**Dataset content**
===============

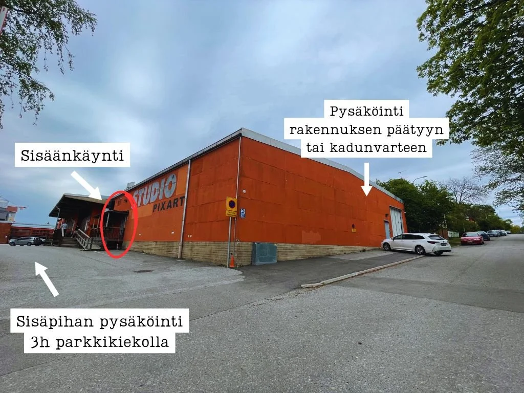 Studion osoite on Tarkk’ampujankatu 1, 20540 Turku – ihan TYKS:n & Kupittaan rautatieaseman lähellä. Studiolle on hyvät kulkuyhteydet Fölillä. Lähikatujen varrella on ilmaisia parkkipaikkoja ja rakennuksen oikeaan päätyyn Tarkk’ampujankadun puolelle voi pysäköidä auton vinoparkkiin rakennuksen seinää vasten (seinässä on kyltti, joka kieltää pysäköinnin studion lastausalueelle, mutta tanssijat voivat pysäköidä autonsa siihen tuntien ajaksi). Myös sisäpihalle voi pysäköidä merkityille paikoille 3h parkkikiekolla. Rakennuksen seinässä lukee isolla “Studio Pixart”. Studion sisäänkäynti löytyy sisäpihan puolelta – oikeanpuolimmaisin ovi Tarkk’ampujankadun suunnasta katsottaessa.
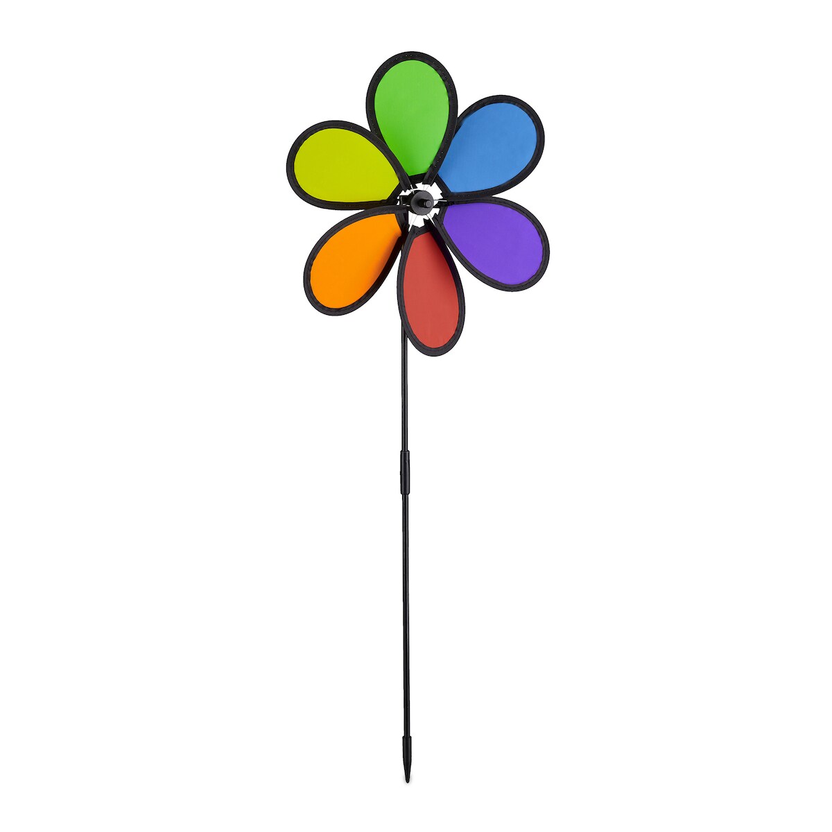 Relaxdays Windrad Blume, 2er Set, Deko Gartenstecker für Balkon, Terrasse & Garten, HBT 66 x 27 x 7 cm, Regenbogen, bunt
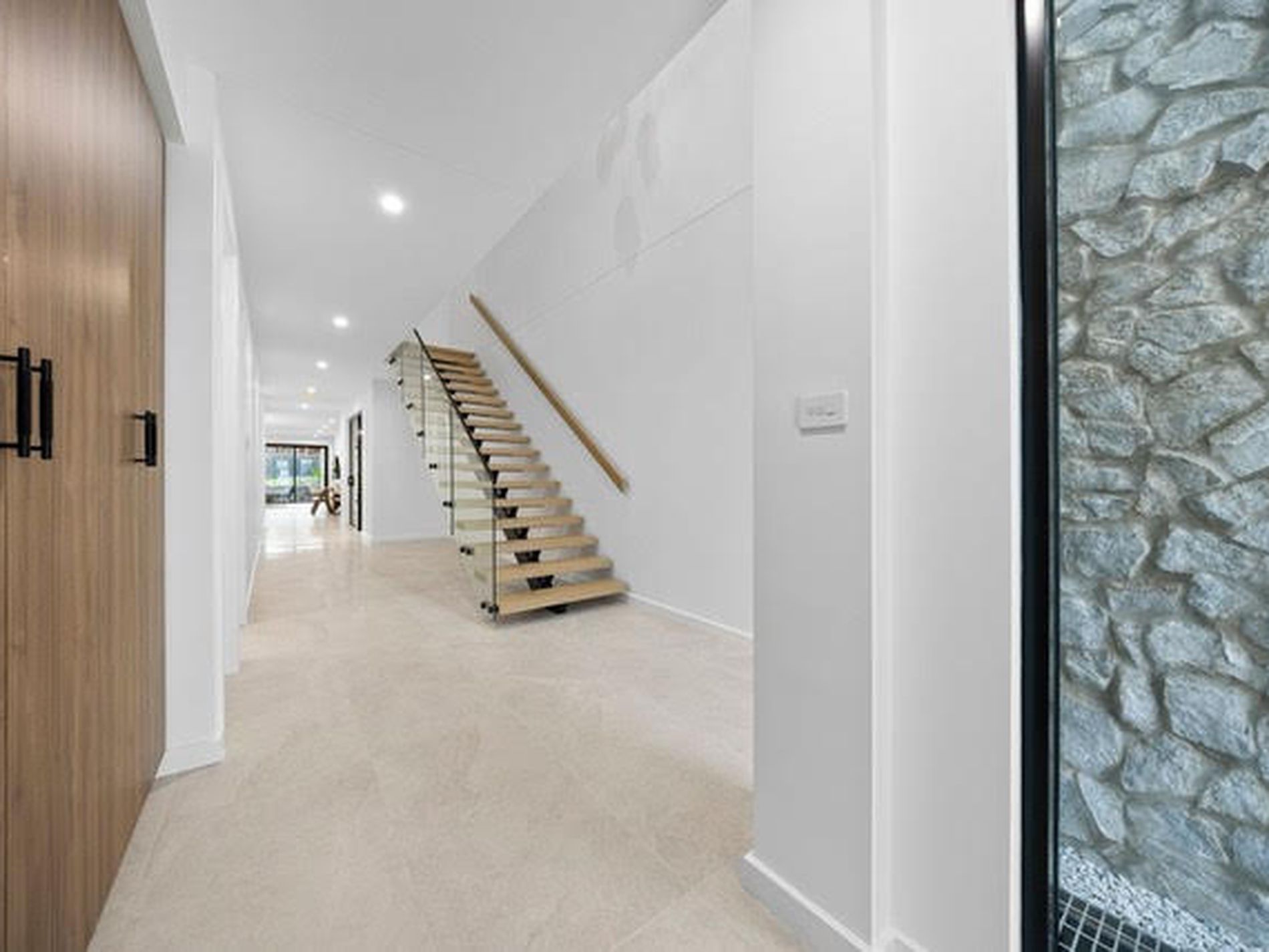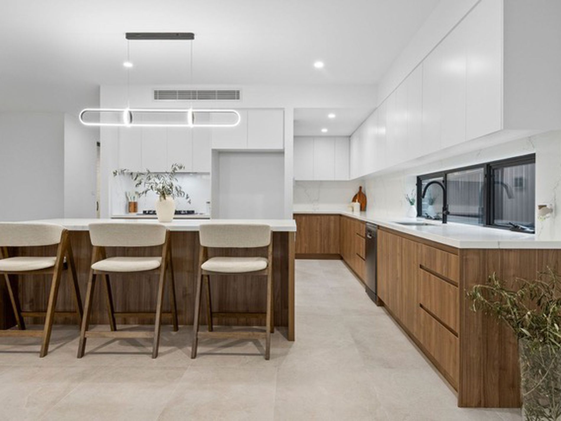 Soaring ceilings, feature American Oak staircase with glass balustrade, tiled lower level & timber upper level, ducted reverse-cycle A/C, modern gas fireplace and LED lighting throughout

===============

No pictures should appear in the copy; write out exactly the lines from the one containing "Relaxdays Windrad Blume, 2er" through the end of the material.

 Relaxdays Windrad Blume, 2er Set, Deko Gartenstecker für Balkon, Terrasse & Garten, HBT 66 x 27 x 7 cm, Regenbogen, bunt
 Soaring ceilings, feature American Oak staircase with glass balustrade, tiled lower level & timber upper level, ducted reverse-cycle A/C, modern gas fireplace and LED lighting throughout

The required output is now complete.